Reproduce the listing below as it stands. Leave out each image.

### Information supplied
"""
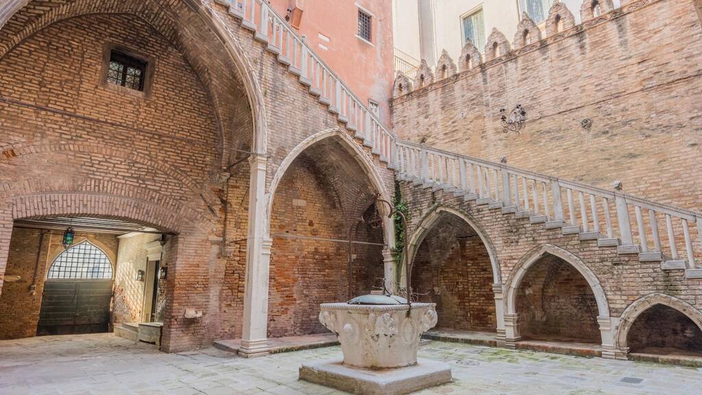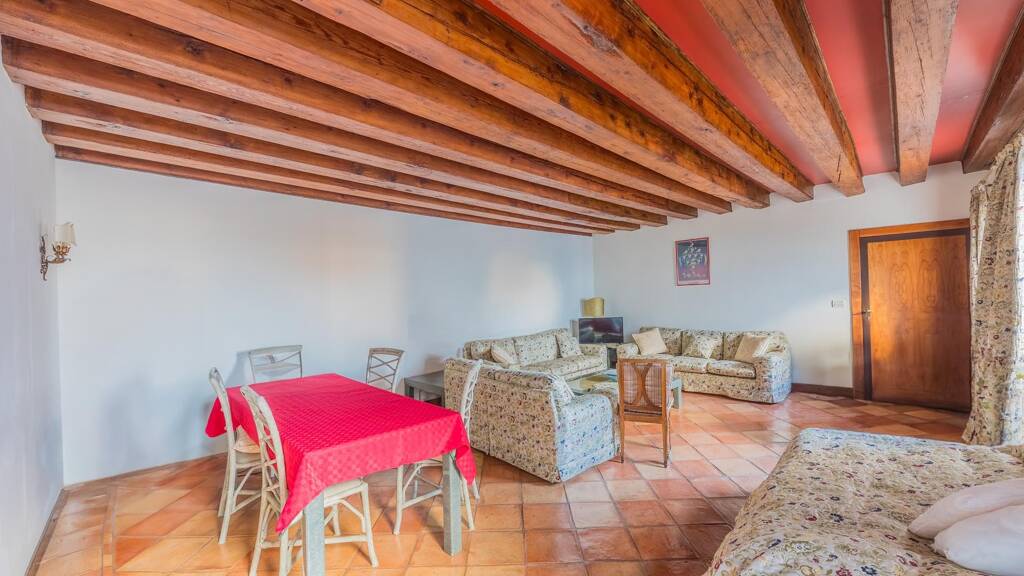 Im Inneren der Immobilie erwartet Sie ein großzügig geschnittenes Wohnzimmer, welches das Highlight der Wohnung ist und seinen ganz eigenen Charme versprüht. Die sichtbaren alten Holzbalken erzeugen eine fast schon magische Atmosphäre und unterstreichen die Einzigartigkeit dieser Immobilie. Die Schlafzimmer der Wohnung sind geräumig und lichtdurchflutet und bieten genügend Platz für eine individuelle Gestaltung. Zudem verfügt die Immobilie über einen idyllischen Brunnen, der – ganz im venezianischen Stil – im Innenhof am Eingang entspringt. Ein wahrer Hingucker und ein weiteres Detail, das diese Wohnung zu einem außergewöhnlichen Zuhause macht.
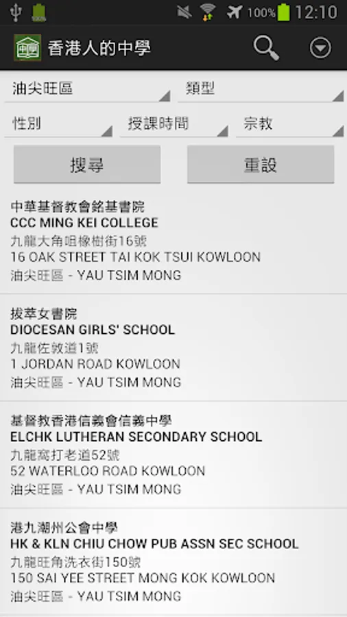 Hong Kong Secondary Schools contains details information of all secondary schools in HK. You can use the search function to find the ideal choice or use the filter function to filter out schools by district, religion, gender and other conditions.
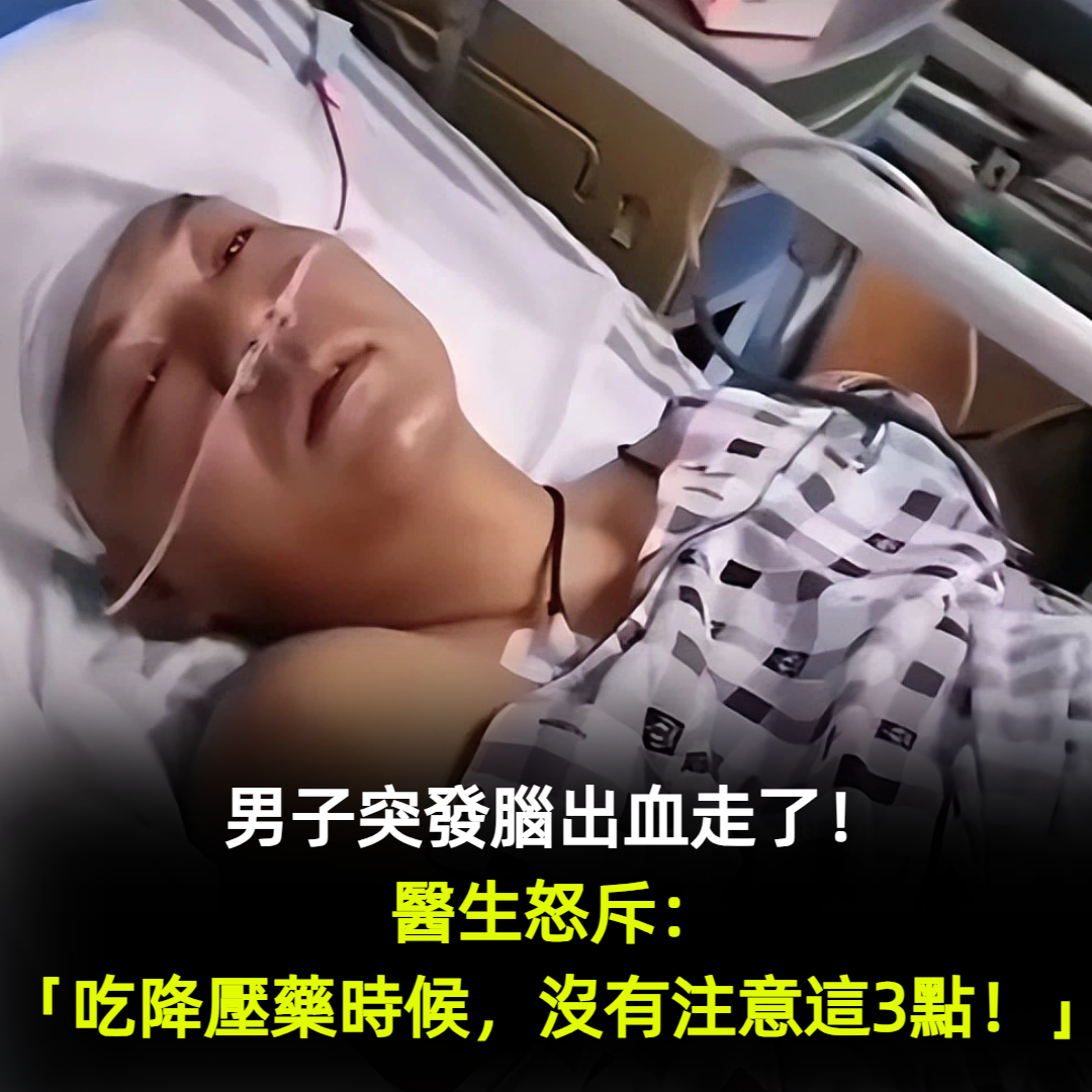 男子突發腦出血走了!醫生怒斥:「吃降壓藥時候,沒有注意這3點!」
"""
### Finished task
 Im Inneren der Immobilie erwartet Sie ein großzügig geschnittenes Wohnzimmer, welches das Highlight der Wohnung ist und seinen ganz eigenen Charme versprüht. Die sichtbaren alten Holzbalken erzeugen eine fast schon magische Atmosphäre und unterstreichen die Einzigartigkeit dieser Immobilie. Die Schlafzimmer der Wohnung sind geräumig und lichtdurchflutet und bieten genügend Platz für eine individuelle Gestaltung. Zudem verfügt die Immobilie über einen idyllischen Brunnen, der – ganz im venezianischen Stil – im Innenhof am Eingang entspringt. Ein wahrer Hingucker und ein weiteres Detail, das diese Wohnung zu einem außergewöhnlichen Zuhause macht.
 Hong Kong Secondary Schools contains details information of all secondary schools in HK. You can use the search function to find the ideal choice or use the filter function to filter out schools by district, religion, gender and other conditions.
 男子突發腦出血走了!醫生怒斥:「吃降壓藥時候,沒有注意這3點!」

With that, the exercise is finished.